そういえば、30代後半まで雑誌ライターの仕事でしか「書くこと」をしていなかったわたしが、自分の名前で著作を出せるようになったのも、もとを辿れば、ブログに読者からの反応がもらえるのが励みとなったのがきっかけといえる。
写真と文章で日記を公開し、それを読んだ方から共感や応援のメッセージを受け取る喜びが原動力となって、気づけば10年以上も書き続けてこられたのだ。

また、わたしはスポーツとはほとんど無縁に生きてきた人間けれど、最近オリンピックを観ていて、「応援って本当に重要なんだなぁ」と思ったことがあった。
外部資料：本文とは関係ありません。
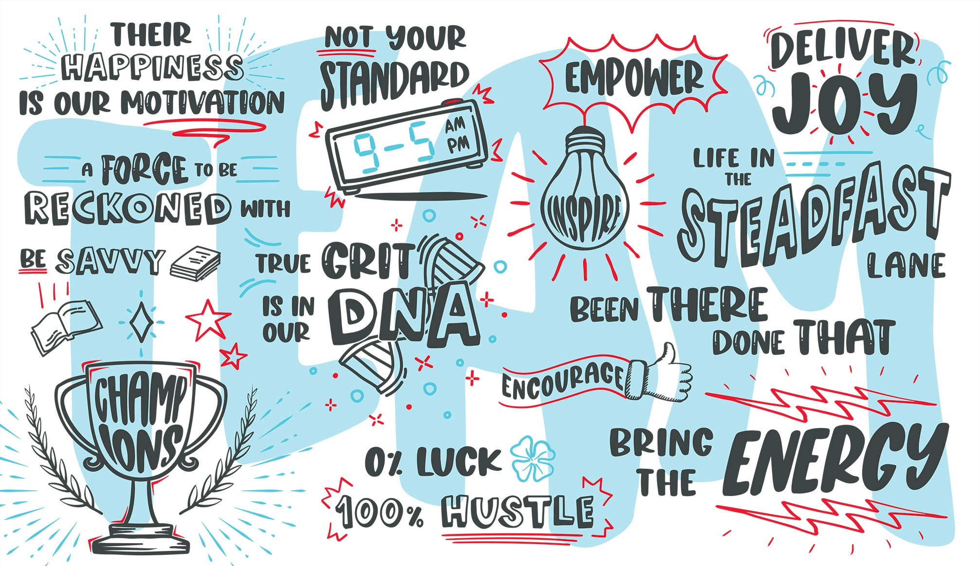 After gathering input from the internal team, I collaborated with our copywriter, who crafted a series of phrases that embodied the new brand’s tone and energy. I created concept sketches for the mural that combined illustration and hand-drawn type based on those phrases. I balanced whitespace, playful visuals, and brand voice to create an energetic, vibrant mural.
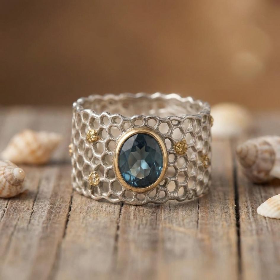 Un anello boho dal carattere marittimo, elegante senza eccessi, pensato per dare personalità ai look quotidiani.
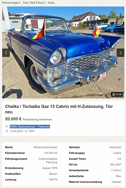В Германии в городе Паттензен земли Нижняя Саксония на продажу выставили уникальную «Чайку» ГАЗ-13. Как сказано в объявлении, машина принадлежала бывшему президенту Болгарии.
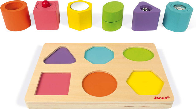 Janod I Wood Shapes and Sounds takes the shape sorting game to a new level of fun. Each of the 6 wooden shapes are color coordinated to match a space on the base, just like a traditional sorter. These brightly colored wooden shapes feature a different sight or sound activity. The orange circle is a rattle, the pink square squeaks, the yellow hexagon has a mirror, the green oval clicks, the purple triangle has a bell and the blue octagon has a kaleidoscope. Includes 6 Activity Blocks (1.75in/4.5cm tall) and storage tray (8x5.25in/20x13cm). Recommended for children 1-3 years of age.
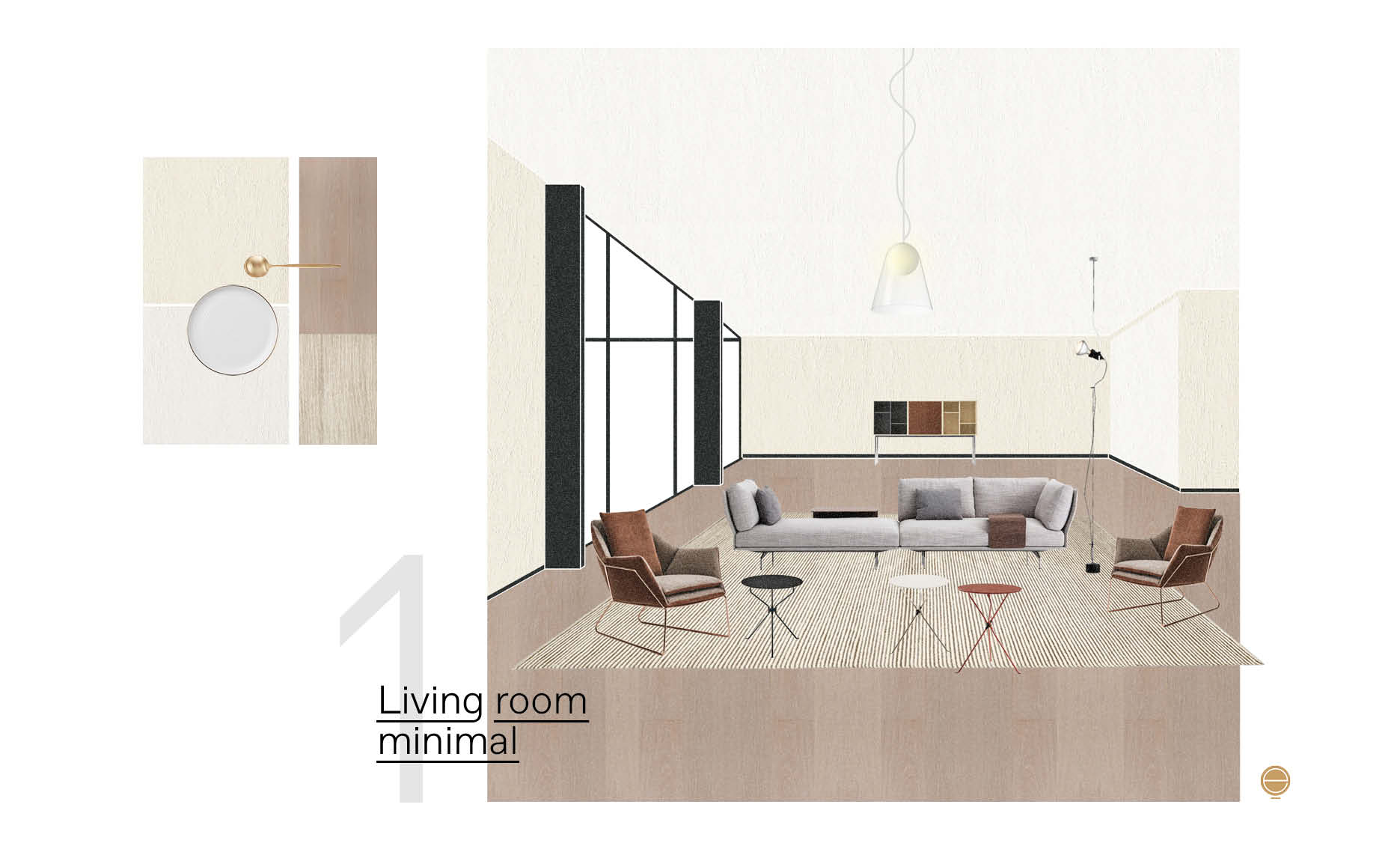 As previously mentioned, the minimalist style lies in a constant search for cleanliness and simplicity. Our first proposal is the most essential: the painted white and cream walls highlight details such as the wooden floor, the moldings, and the different textures present in the furnishing elements. The hues of the fabric upholstery, the metallic details, and the lines of the coarse wool of the carpet that intersect with the patterns of the wood floor seem to constantly play off one another.
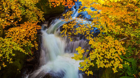 Autumn leaves and waterfalls in Nikko, Japan. Autumn season.
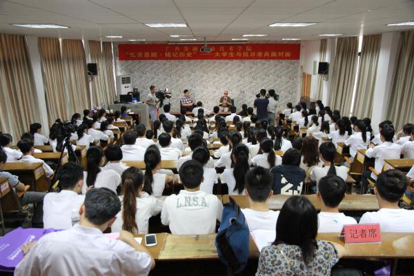 在中国人民抗日战争暨世界反法西斯战争胜利70周年到来之际,为使青年学生更好地铭记历史,激发强大的爱国热情,同时为更好地弘扬抗战精神,关爱抗战老兵,9月1日上午10:00,betway西汉姆联官网以“忆苦思甜•铭记历史”为主题,在大学路校区举行“大学生与抗日老兵面对面”活动。97岁高龄的抗战老兵吴肯老人和壹方关爱抗战老兵项目负责人郑加莉女士应邀出席。对话活动由betway西汉姆联官网学生工作与招生就业处唐雪涛副处长主持。学院党委副书记、纪委书记刘华政,团委副书记朱丽君及学生200多人代表参加了本次活动。活动吸引广西电视台新闻频道、广西日报、中国教育报驻广西记者站等驻邕新闻媒体的广泛关注。
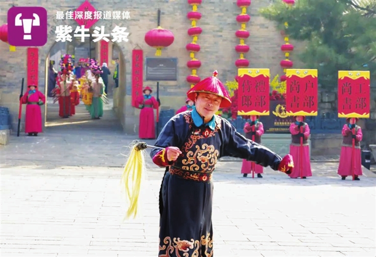 景区每天上午都会举行大型开城仪式《迎圣驾》的表演,很多游客都对其中的“小太监”一角印象深刻。他身着蟒袍,头戴官帽,手持拂尘,左摇右晃地迈着碎八字步出现在广场中央,然后连喊两遍:“皇上驾到,大学士陈廷敬接驾!”那“高八度”的吆喝声,像模像样,让游客们饶有兴趣,津津乐道。
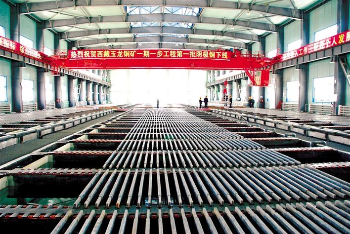 圖為玉龍銅礦(地處昌都市江達縣)一期工程第一批陰極銅下線。 記者 陳志強 攝
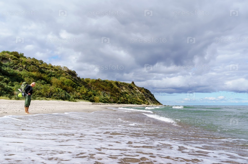 Турист стоит на берегу моря. Спокойное море и песчаный берег
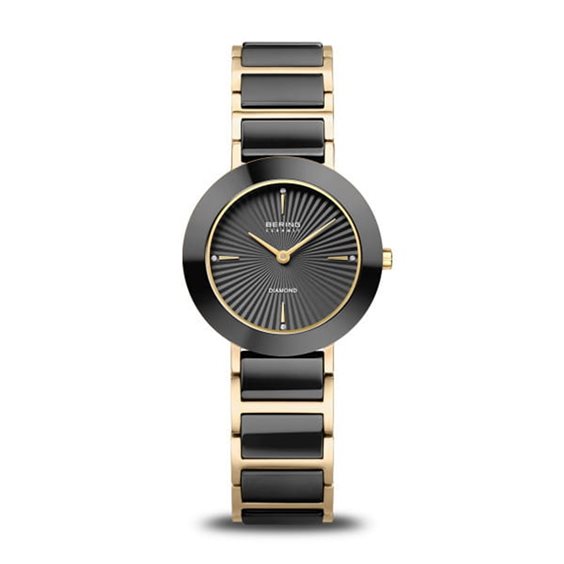 Nella sua collezione di ceramiche high-tech Slim Ceramic, BERING presenta orologi in un design estremamente sottile. La struttura superficiale fluida del materiale qui si fonde idealmente con il design semplice e snello degli orologi. Il risultato è una bellezza senza tempo nella sua forma più snella. La ceramica high-tech è un materiale con proprietà uniche. Oltre all'elevata resistenza ai graffi, la ceramica high-tech è molto leggera, resistente al calore e antiallergica. La superficie super liscia conferisce al materiale il suo unico "Tocco Liscio" e quindi garantisce una sensazione inconfondibilmente confortevole. È un processo produttivo altamente impegnativo e che richiede molto tempo, il che rende la ceramica high-tech così preziosa. Collezione: Ceramico Tipo di prodotto: orologio Genere: femmina Tipo di vetro: Cristallo piatto di zaffiro Tipo di movimento: quarzo Colore della cassa: Oro lucidato Materiale del caso: acciaio inossidabile Lunghezza del case: 35 mm Altezza del bossolo: 6 mm Larghezza del case: 29 mm Tipo di caso: rotondo Colore della cunicola: nero Materiale del cornice: ceramico Colore della cinghia: multicolore Materiale della cinghia: cinghia in acciaio inox con anelli in ceramica Lunghezza della cinghia: 150 mm Larghezza della cinghia: 15 mm Fermaglio: farfalla Materiale del link: ceramica, acciaio inossidabile Colore del quadrante: nero Materiale del quadrante: diamante Impermeabilità: 5 bancomat

金メダル確実との呼び声が高かった競泳の瀬戸大也選手の、まさかの予選落ちという結果についてテレビで解説していた元水泳選手の方が、「観客が入っていれば、このレース運びでは予選通過が危ないということを客席からの悲鳴などで感知できたかもしれない。でも無観客では、思っていた以上に周囲のタイムが早いことに気づけなかったことも影響していると思う」という分析に、びっくりしたのだ。

もちろん、瀬戸選手が競技後に話していたように「読みが外れた」といえばそれまでなのだが、オリンピックという最高峰のアスリートが集う大舞台で、競技中に周囲の声が選手に大切なことを知らせ、それが結果に影響を及ぼすなんて。
無観客のしんとした会場で戦うより、応援の声に囲まれながら戦う方がモチベーションが上がる、ということくらいは想像がつくけれど、勝敗を分けるほどとは、やっぱり周囲の応援というものの力はすごいのだ。

SNSというツールの便利さを悪用して、誹謗中傷のコメントを送りつけるなんて行為は卑劣極まりないけれど、誰かを応援したり祝福したり、ポジティブな反応を送ることは、送っている人の気持ち以上に、送られている人の力になっていることはたしかだと思う。
せっかくSNSのある時代に生きているわたしたちは、せっかくなら「よい反応」をどんどん送り合って、お互いのやる気アップにつなげていきたい。